Of course, it’s not enough to just will this into being with a mark of provenance. We – producers, commissioners and consumers of creative work – have to embrace the same trade-off with Handmade creative as with Fairtrade goods: higher production costs, higher end costs, but ultimately higher contribution at a time when it is most vital. We have to seek out and celebrate Handmade work and the people who make it, and establish a fundamental quality premium inherent to it being Handmade. In doing so, I think we can help to smoothen the transition for creative professionals into a new way of working, one that we know is coming. As the Aspen Institute notes, the “conversation needs to be reframed to show how wins and losses are shared across society”.

There is a logical justification for this: as I was told by a source within a major AI innovator (whom I cannot identify as their firm keeps strict control of who can comment on AI on its behalf):

“The best AI-generated content you’ll get will be average at best because it’s based on all of the data that went before it. Neither will it be particularly unique as anyone can query the same data and receive similarly generated outputs”.
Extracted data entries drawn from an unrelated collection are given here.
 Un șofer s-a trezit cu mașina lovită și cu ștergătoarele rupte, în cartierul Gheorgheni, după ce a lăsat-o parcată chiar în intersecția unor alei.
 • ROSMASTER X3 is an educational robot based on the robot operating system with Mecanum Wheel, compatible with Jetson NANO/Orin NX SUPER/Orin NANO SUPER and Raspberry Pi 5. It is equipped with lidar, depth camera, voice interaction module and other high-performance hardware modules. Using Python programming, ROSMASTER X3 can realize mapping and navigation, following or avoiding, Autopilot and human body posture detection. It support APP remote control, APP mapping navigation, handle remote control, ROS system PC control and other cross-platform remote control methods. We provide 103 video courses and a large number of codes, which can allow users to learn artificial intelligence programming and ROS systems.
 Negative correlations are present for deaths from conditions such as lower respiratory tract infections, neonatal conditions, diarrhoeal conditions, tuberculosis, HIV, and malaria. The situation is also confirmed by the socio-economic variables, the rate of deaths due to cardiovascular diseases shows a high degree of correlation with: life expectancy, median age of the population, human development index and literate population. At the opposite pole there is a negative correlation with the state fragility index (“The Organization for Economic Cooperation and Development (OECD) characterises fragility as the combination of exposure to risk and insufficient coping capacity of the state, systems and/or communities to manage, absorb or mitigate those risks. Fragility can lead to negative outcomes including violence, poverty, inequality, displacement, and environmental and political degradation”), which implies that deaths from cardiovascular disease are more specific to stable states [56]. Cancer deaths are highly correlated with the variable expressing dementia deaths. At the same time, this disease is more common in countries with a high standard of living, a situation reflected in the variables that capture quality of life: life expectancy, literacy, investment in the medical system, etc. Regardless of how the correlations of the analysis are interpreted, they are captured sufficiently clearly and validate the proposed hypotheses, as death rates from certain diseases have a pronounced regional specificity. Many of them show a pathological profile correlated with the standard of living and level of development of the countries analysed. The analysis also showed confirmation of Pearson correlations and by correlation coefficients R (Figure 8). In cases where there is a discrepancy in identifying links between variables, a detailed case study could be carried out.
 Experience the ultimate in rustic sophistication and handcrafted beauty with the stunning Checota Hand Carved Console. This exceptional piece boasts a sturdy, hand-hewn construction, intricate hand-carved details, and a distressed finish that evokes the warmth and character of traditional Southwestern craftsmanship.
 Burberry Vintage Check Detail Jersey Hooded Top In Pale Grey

“If the time saved by AI automation and generation is only used for human resource reduction, the quality of outputs will decline and the risk for brand damage will increase. Time saving should be re-invested in the unique creative humans who conceive the ideas, then use the AI toolsets to realise them, and can finesse and quality assure the outputs to meet their audiences’ needs and their businesses’ intents.”

Another thing that needs to happen is for firms planning AI integrations to undertake some form of Ethical Impact Assessment, in line with UNESCO’s recommendation that “such  impact  assessments  should  identify  impacts on human rights and fundamental freedoms, in particular  but  not  limited  to  the  rights  of  marginalized  and vulnerable people or people in vulnerable situations, labour   rights,   the   environment   and   ecosystems   and   ethical   and   social   implications”.
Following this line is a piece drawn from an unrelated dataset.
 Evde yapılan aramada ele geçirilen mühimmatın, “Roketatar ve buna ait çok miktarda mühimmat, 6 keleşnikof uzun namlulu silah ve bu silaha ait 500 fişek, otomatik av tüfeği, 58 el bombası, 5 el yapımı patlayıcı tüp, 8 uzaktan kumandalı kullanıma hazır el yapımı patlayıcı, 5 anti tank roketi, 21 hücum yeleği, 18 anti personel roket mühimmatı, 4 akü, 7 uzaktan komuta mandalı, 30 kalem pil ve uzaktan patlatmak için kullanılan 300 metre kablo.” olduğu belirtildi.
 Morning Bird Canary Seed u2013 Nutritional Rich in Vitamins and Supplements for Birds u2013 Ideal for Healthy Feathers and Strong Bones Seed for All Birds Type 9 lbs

There remain many questions to answer in this space. There is a foundational issue presented by bias in the very datasets that are used to train these models, replicating that inequity in the outputs. This is particularly notable for minoritised communities, for whom representative data is not as readily accessible. There are questions as to the risks of AI application to the ends of dis/misinformation, mass surveillance, fraud and abuse. All of these issues need to be addressed satisfactorily before we dive into a potentially bottomless sea of opportunity. In this piece I’ve attempted to ask and answer just one of those questions, related not as much to the development of equitable AI technology, but to the deployment of that technology to equitable ends.

AI must serve human flourishing, not merely replicate and exacerbate existing inequities. In order to ensure that, we have to build equity into the heart of how we use it, re-centre the human in the model, and try to walk – for once – before we run.